I pay my service truck employees 40 hours regardless of how many hours they actually are doing service work so there is a lot of down time. I don't make them do busy work, but I do require that if they have nothing better to do, they clean and organize the truck, make a shopping list, and go buy material they are low on. 

My personal truck becomes a rolling disaster. I clean and organize it every couple of weeks, usually on a Sunday. It usually takes two or more hours.


----------



## joe-nwt (Mar 28, 2019)

The say there is a correlation between untidiness and genius.

I appear to be one of the smartest contractors out there......:wink:


----------



## Speedy Petey (Jan 10, 2007)

I consider my van my office, so......


*"If a cluttered desk is a sign of a cluttered mind, of what, then, is an empty desk a sign?" 
- Albert Einstein
*


----------



## LibertyRising (Jan 2, 2018)

Personally I’m quite a bit untidy, but the hired help is responsible for keeping the vans organized. Every morning trash out, scrap wire in the bin, quick organize of tools and unused materials from previous day. 10 minutes tops. 

It wasn’t planned this way in the beginning, but found that it was really nice but Monday mornings I never schedule work until around 10:00 and that gives time for all the trucks to be washed, a thorough interior cleaning, and a quick inventory of truck stock stuff that needs to be replenished. Check oil, tire pressure, etc. trucks are assets that we do well to take care of.

2 hours fly by and the trucks look great all week. For me it gives me time in the office and not be rushing out first thing Monday, and it is a bit of an ease from weekend to the work week. Guys are working 10-11 hour days lately so I think it helps moral a bit.


----------



## MechanicalDVR (Dec 29, 2007)

I was always OCD about what I worked out of as for interior organization. 

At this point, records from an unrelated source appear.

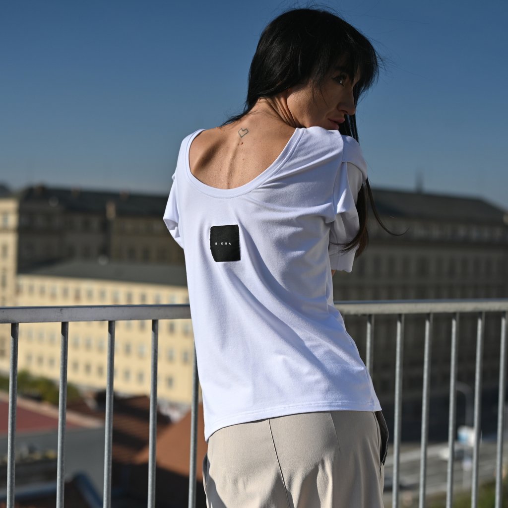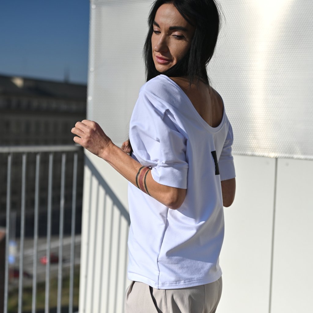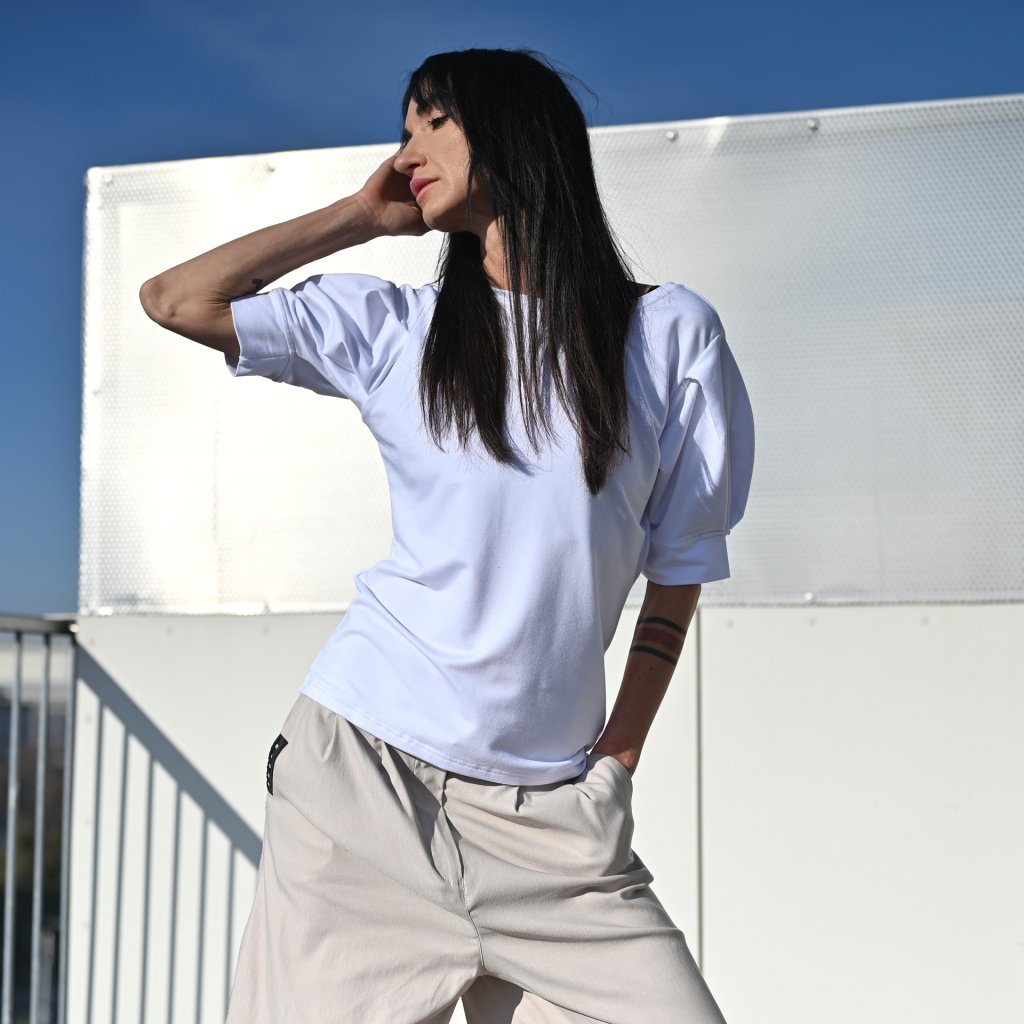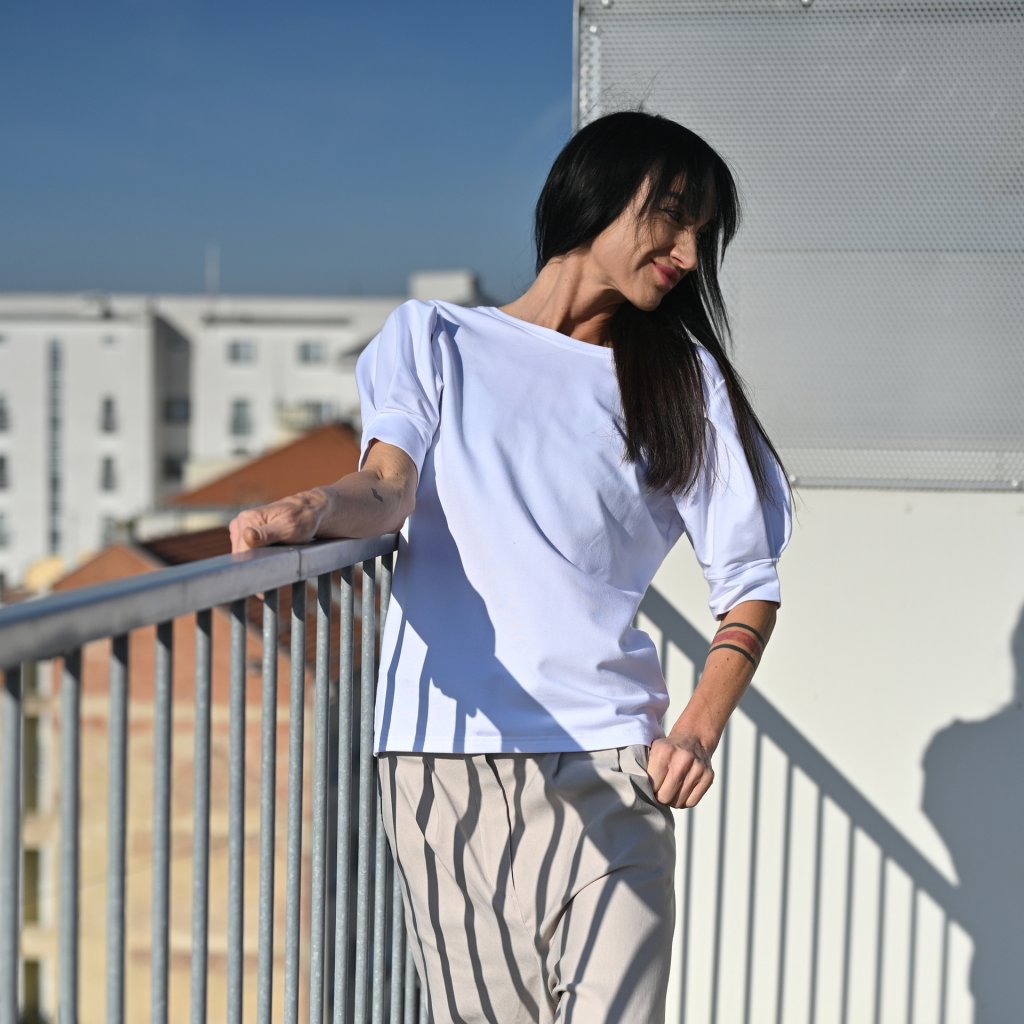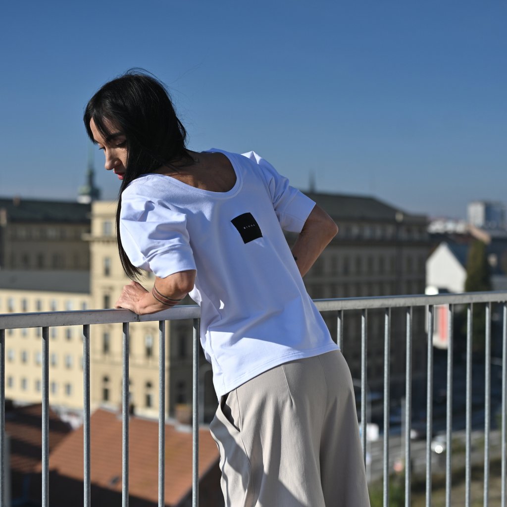 Top TRUENO EXKLUZIV TOPÍK z hladkého modalového materiálu. Jemně naskládané balonové rukávy, výraznější véčko na zádech, ale pořád je dost decentní, že není vidět prádlo.
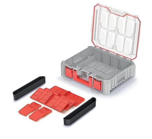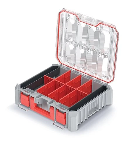 Органайзер із серії C BLOCK COOL GREY 4C поєднує функціональність і стильний дизайн. Оснащений 2 знімними лотками та 7 перегородками для оптимальної організації. Прозора кришка з міцного полікарбонату, металеві петлі та фіксатори забезпечують довговічність і захист. Ергономічна ручка та ущільнювач на кришці гарантують зручність транспортування, пилонепроникність і водостійкість.
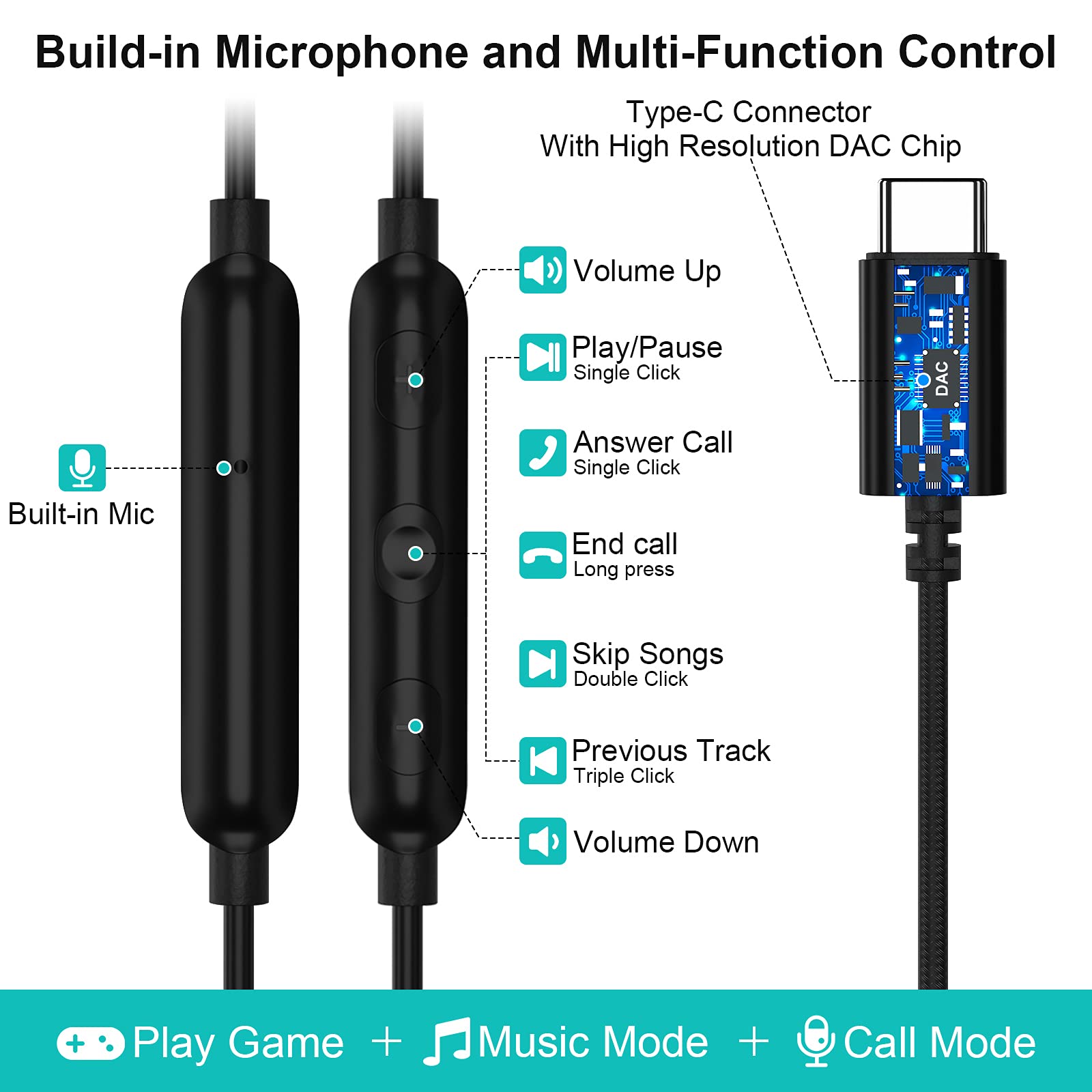 TITACUTE USB C headphones Wired Earbuds Type C Earphones With Microphone & Volume Control
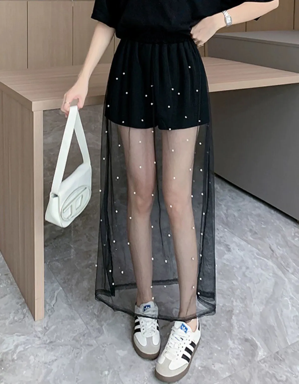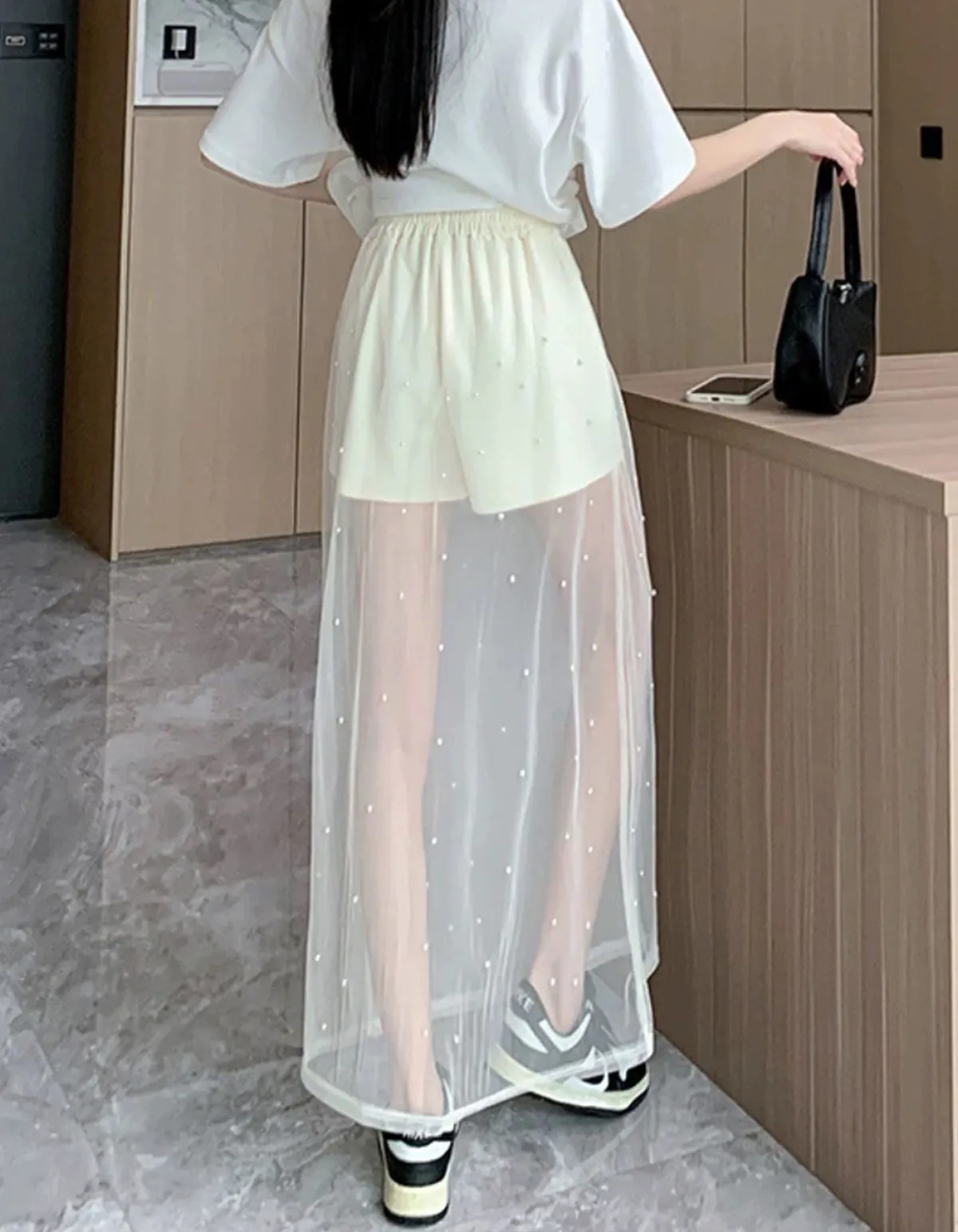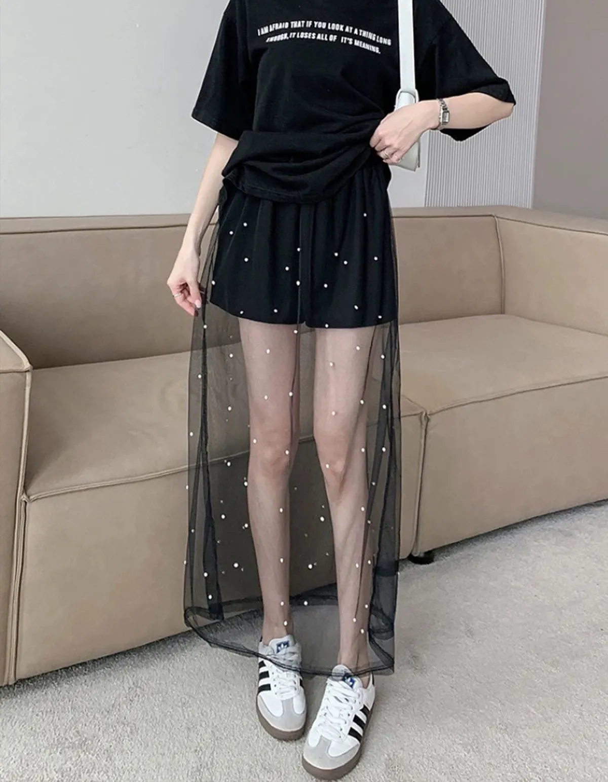 韓國店家賣翻了‼️還有好多日本訂單~蕾絲X珍珠設計自帶仙氣 上身秒氣質高雅裡面是短褲 追趕跑跳碰都可以也不會曝光蕾絲紗裙長裙若隱若現帶性感 穿起來真的只有好~仙~喔~▶️腰圍有彈性 XS~L都可以駕馭兩件式穿搭更有層次設計穿搭感【材質】蕾絲/珍珠【尺寸】腰圍29~50/臀圍48/外群全長94/內短褲全長38cm

Make sit easier of you send someone out to get something if you can explain exactly where it is and also if you are going yourself when you don't feel like screwing around and wasting anytime.

Now as for washing the outside.....I was far from OCD!


----------



## Rfreddy (Jan 20, 2019)

WronGun said:


> OCD organized!
> 
> Inspectors often ask for a tour!
> 
> ...




I’m in the process of reorganizing our vans. 
Generally I’m pretty organized and tidy with my van and in clients homes. 
Still, things can get a bit messy in the van at times. 
It needs to be easy to find things AND keep clean, otherwise they guys won’t do it. 
How do you track van inventory and restocking?
Any tips or suggestions to set up ones van in the best way would be appreciated.


----------



## varmit (Apr 19, 2009)

I usually only do industrial service work. i receive a lot of " The sky is falling come now" work, so my truck has a lot of the materials and tools that i normally need. It looks like a disaster inside, but I know what I have and where it is. Sometimes it does require a little digging though. 

The worst hassle is storing wire. I keep the standard colors of 16 to 10 on the truck. So that is about 25 rolls of THHN plus some instrument cable and SO cord. I have tried multiple arraignments and nothing really works well, so i gave up and throw it in a pile in the floor.

Yes, I know that a person could drive a semi around and not have everything, but I like to show up and be able to accomplish something.


----------



## catsparky1 (Sep 24, 2013)

My truck gets detailed 4 times a year , washed once a week . Everything has a place and a home . Then we get busy and it becomes a mess so once a month it gets the go over and put stuff back in it's place and home . Repeat process until death .


----------



## Yianni (Jun 1, 2019)

joe-nwt said:


> The say there is a correlation between untidiness and genius.
> 
> I appear to be one of the smartest contractors out there......:wink:


:vs_laugh:


----------



## Zog (Apr 15, 2009)

Pretty organized


----------



## CoolWill (Jan 5, 2019)

Zog said:


> Pretty organized



All that just to gob a piece of MC on the wall for the light switches.:vs_whistle:


----------



## MTW (Aug 28, 2013)

Zog said:


> Pretty organized



If only we could all be as great.


----------



## HackWork (Oct 2, 2009)

MTW said:


> If only we could all be as great.


I'm sure Jesus is glad that you took time out of your day to make this negative post instead of doing something productive and in his image.


----------



## MTW (Aug 28, 2013)

HackWork said:


> I'm sure Jesus is glad that you took time out of your day to make this negative post instead of doing something productive and in his image.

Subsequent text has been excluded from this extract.